If you’ve been to a supermarket or drugstore recently, you know how empty the shelves are. Hand sanitizers, chlorine wipes, and rubbing alcohol are almost impossible to find. Online, the situation is just as bad. Tiny containers of hand gel that used to cost less than a dollar now sell for fifty… if there’s any available at all.

The good news is that regular soap is still readily available and the best way to stay healthy is to wash your hands.

But what about surfaces?

As you’ve probably read by now, the virus can linger on surfaces for days. However, so far, the CDC says that, while it is possible that people can be infected by touching a contaminated surface, the virus is still probably most often spread through person-to-person contact.

This means that the best way to stay safe is to limit in-person social interactions, don’t touch your face, and wash your hands often.

But, with a virus as new as COVID-19, information seems to change daily. Until there is certainty about exactly how the virus is transferred, keeping your air and surfaces clean is wise, especially if someone in your household is sick.

What products work to destroy coronavirus?

For your hands…

Soap and water

If a sink and soap are available, soap and water is the best way to keep your hands clean.
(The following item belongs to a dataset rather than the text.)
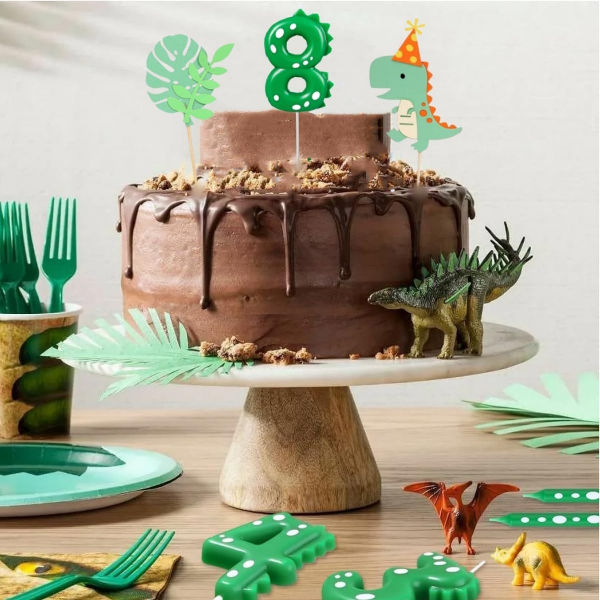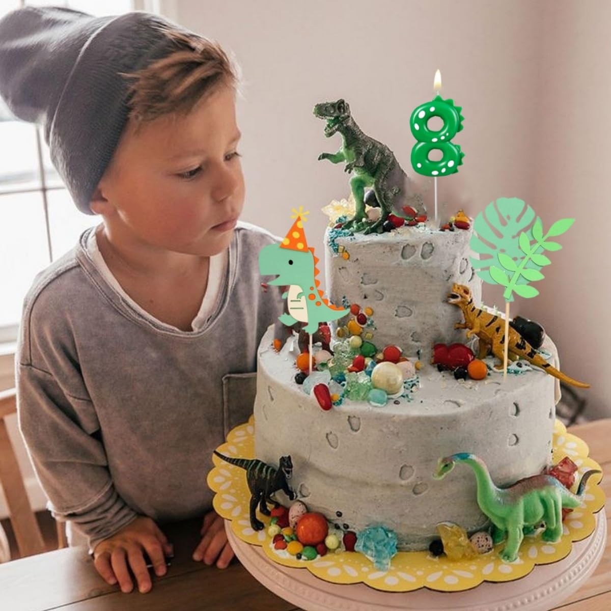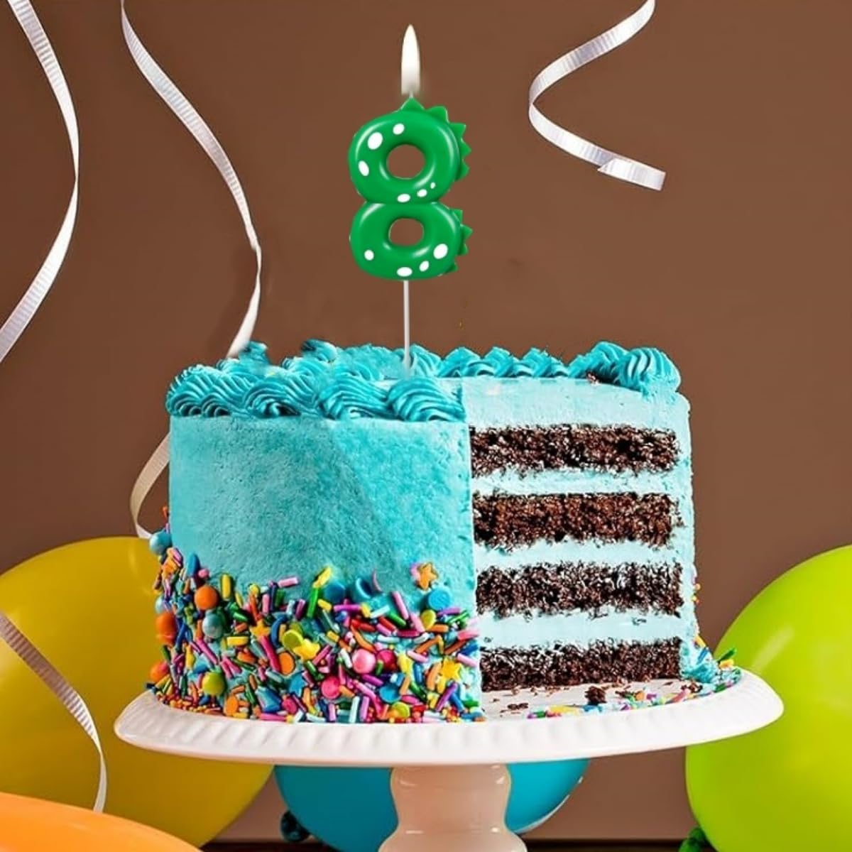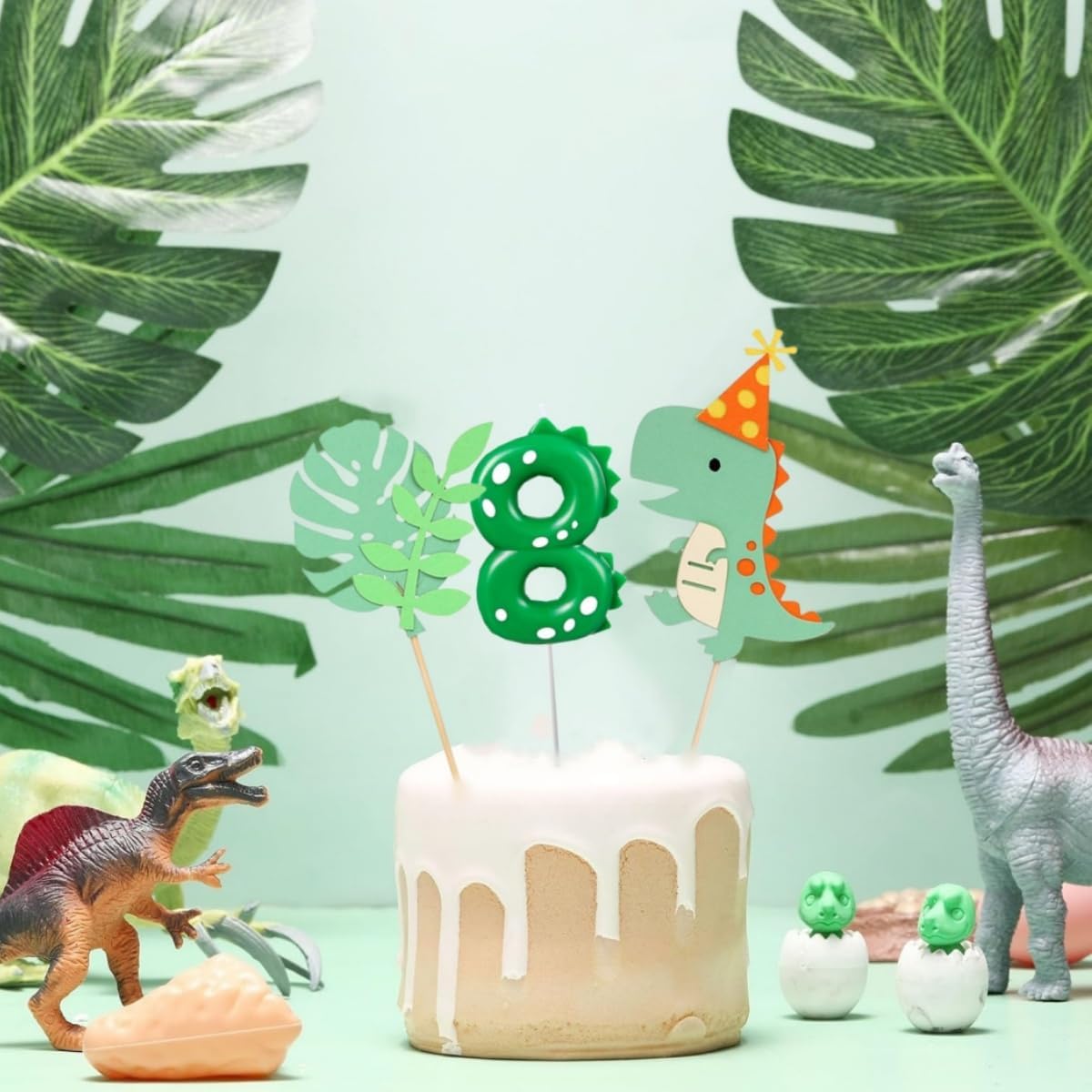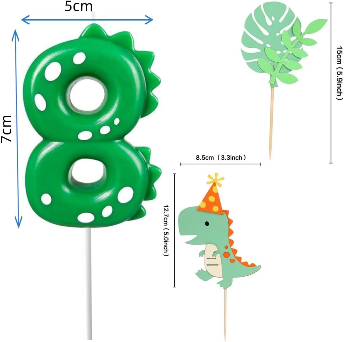 Decorazione per torta a forma di dinosauro in 3D realistica: il set include 1 candela con numero in 3D e 2 decorazioni per torta a forma di dinosauro. Perfetta per torte di qualsiasi dimensione. Texture realistiche di dinosauri e colore verde brillante per un **effetto accattivante** sulle torte di compleanno. Universalmente applicabile: Adatto a temi decorativi come Jurassic Party, Dino Adventure o Jungle Mottos. Adatto ai bambini e rispettoso dell'ambiente: Materiale: realizzato in **paraffina atossica** e **plastica riciclabile**, inodore e adatto al contatto con gli alimenti. Supporto stabile: lo stelo spesso della candela impedisce che si ribalti sulle superfici lisce della torta. Facile da usare: i topper possono essere facilmente inseriti nel fondente, nella crema al burro o nel formaggio cremoso, senza danneggiare la torta. Perfetto per momenti indimenticabili: Occasioni: compleanni per bambini, baby shower, feste a tema dinosauri, feste di ritorno a scuola o eventi a sorpresa. Brucia le candele: abbastanza tempo per desideri e foto. Le decorazioni sono **riutilizzabili** per future celebrazioni. Atmosfera stravagante:** combina il set con stampi da forno a forma di dinosauro, decorazioni da tavola o sacchetti regalo per un **tema completo**. Confezionato in modo pratico e durevole:**Scatole singole:** Candela e decorazione separatamente in cartone antiurto, per proteggerle da rotture durante la spedizione. Riutilizzabili: i topper in plastica robusta possono essere lavati dopo la festa e usati come decorazione per la stanza. Design piatto salvaspazio per una facile conservazione negli armadietti della cucina o in scatole decorative. Regalo ideale per gli amanti dei dinosauri:Pronto all'uso:Non richiede assemblaggio: basta attaccarlo alla torta e accenderlo. Design limitato: motivo Dino – ordina ora prima della prossima stagione dei compleanni

Coronaviruses are surrounded by a layer of fat. Vigorously washing your hands with soap for at least 20 seconds breaks down the fat and the virus falls apart.

Hand sanitizing gel

Hand gel was one of the first things to sell out in most stores. But, there are still some places you can find it online. Be aware that, in order to be effective, the gel has to contain at least 60% alcohol. To use the gel properly, make sure you apply it to every part of your hands and then let them air dry.

There have been multiple recipes for homemade sanitizers circulating online using rubbing alcohol or vodka. Unfortunately, there is still some question as to the safety and effectiveness of using do-it-yourself hand gels.

For other surfaces…

The CDC released a long list of EPA approved products that are effective in killing coronavirus. If your local stores still carry these products, you’re in luck! If not, there are a few basic ingredients that most of these products contain that will be just as useful in killing the coronavirus.

Isopropyl alcohol

Isopropyl alcohol is used in both medical antiseptics and household cleaners. As long as it has a concentration of at least 70 percent alcohol, it should kill most germs, including coronavirus. Just make sure not to dilute it.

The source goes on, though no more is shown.